Yesterday another student told me I looked sad and why? (First grade again, what I have found is my healing grade). I simply looked at her and before I could answer she said, “Oh! I know why! You miss your baby!” “Yes,” I told her. She looked at me wisely and said,”I know, if I had a baby and it died I would be sad too.” It is that simple, that honest, and that true. I love these children so much, adults could learn so much from them!
On another note I have been having nightmares for some time now. I can’t remember them, but I know that Alex becomes startled and wakes me. I have actually been waking up screaming. I’ve never done that before. I discussed this with my group and have found that this is normal and common. It is Post Traumatic Stress Syndrome and is common after a traumatic event such as a stillbirth. I wonder when, or of, I will ever have a peaceful sleep again?
I had my first yoga class this week. I have always had a “high strung, nervous” temperament. My Mother did too, so I come by it honestly. I need to know how to relax, to calm, to be able to find quiet and peace in my mind and body. During my beginners yoga classes while she was teaching how to breathe and stretching postures, I was in the back of the room, and began to quietly weep. It happened off and on during the class in my quiet gentle movements and breathing as I relaxed body and mind. I’m glad the instructor didn’t point it out, as it seemed that I needed to do this. It felt like a cleansing of my mind and I am glad that I decided to learn yoga. I wonder how long this will continue, and if I will always weep during yoga?

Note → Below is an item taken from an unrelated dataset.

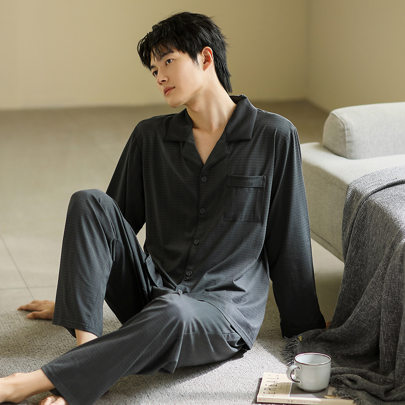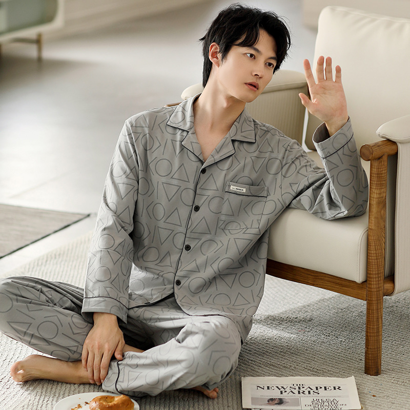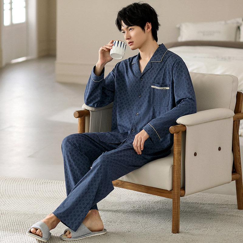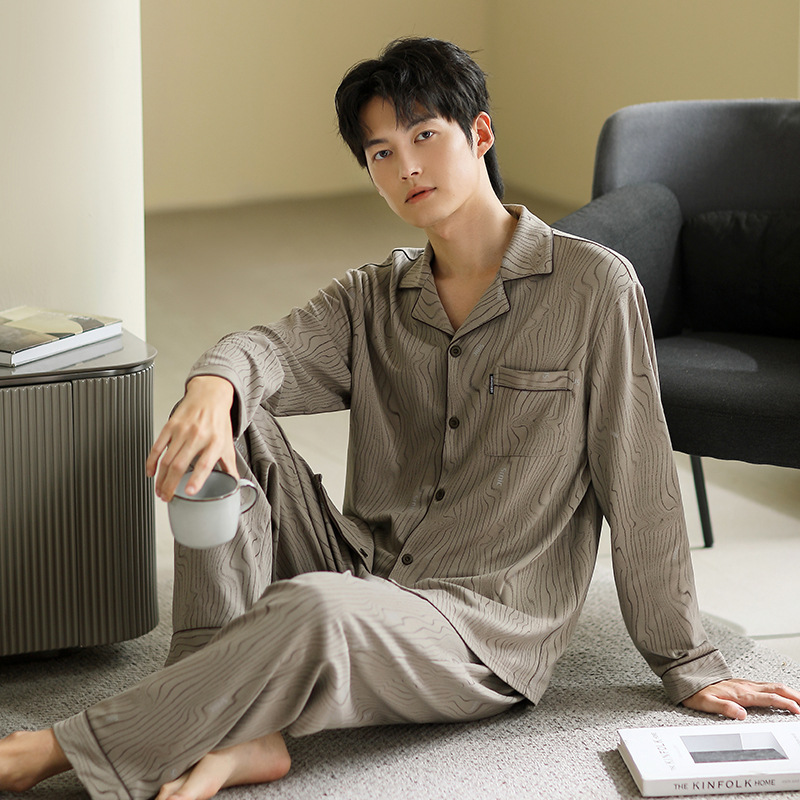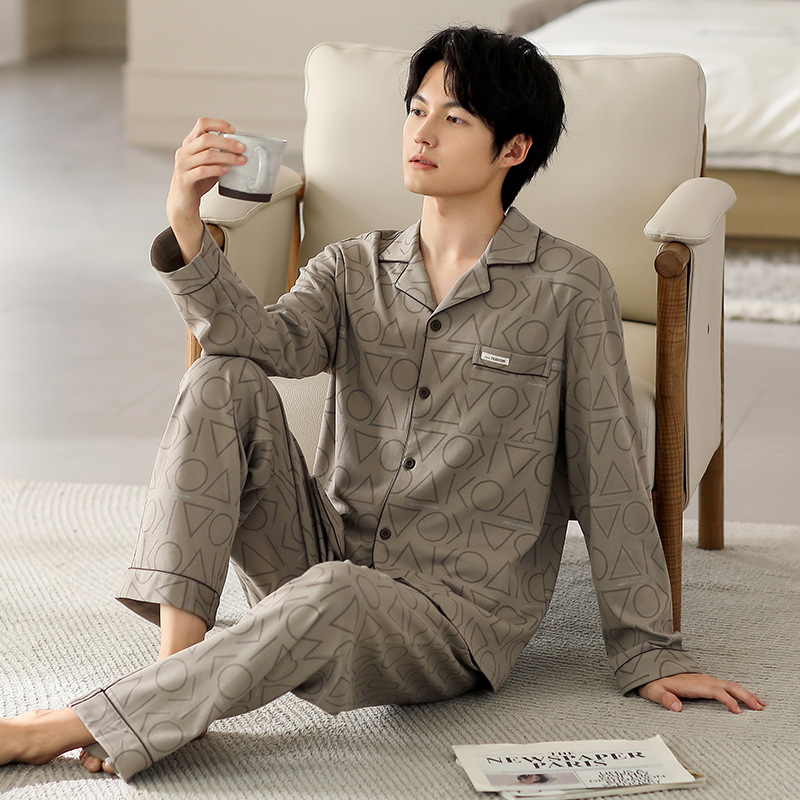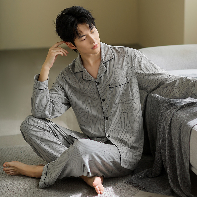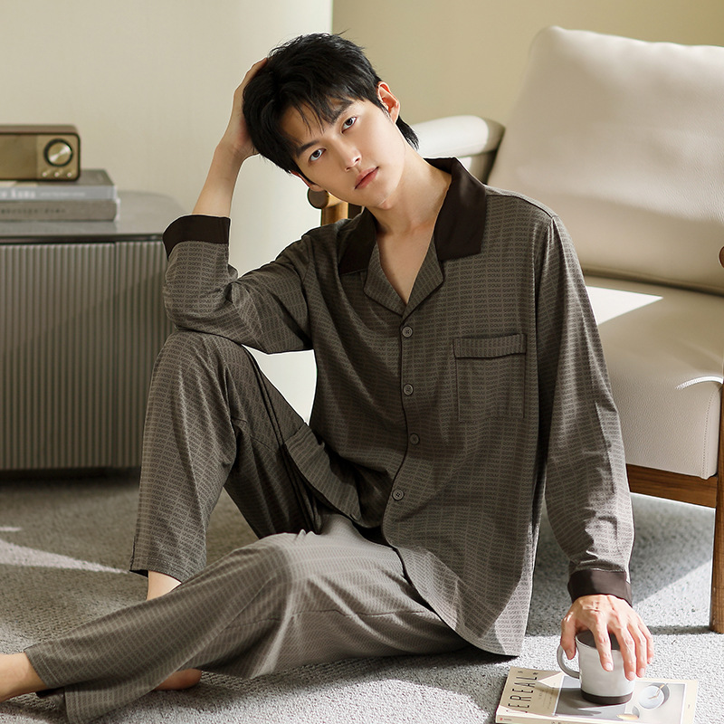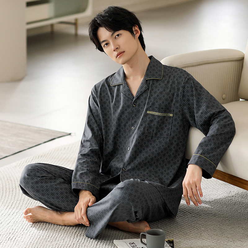 잠옷 남자 봄과 가을 면화 긴 소매 남자 2024 새로운 가을과 겨울 얇은 하이 엔드 감각 홈 의류스토어 가기

I have been doing a lot of wondering, as you see in this post and in several others. While grief is not new to me, it is in term of my child’s death. I am continuing this journey and reflecting on my thoughts and feelings which is helping a lot, especially as time continues on and I learn to live without Emily. We’ll see how it goes and who I will become, I’m interested to know the “new me” that I am becoming. A better person, I hope, someone Emily would be proud to call her mother.
On another note I am looking forward to the new movie with Nicole Kidman called, “Rabbit Hole” about the death of her child. I have been told that everyone who has had a child die can relate to this movie. I hope it brings awareness to the general public about how the mind of a grieving mother thinks and how to best support her.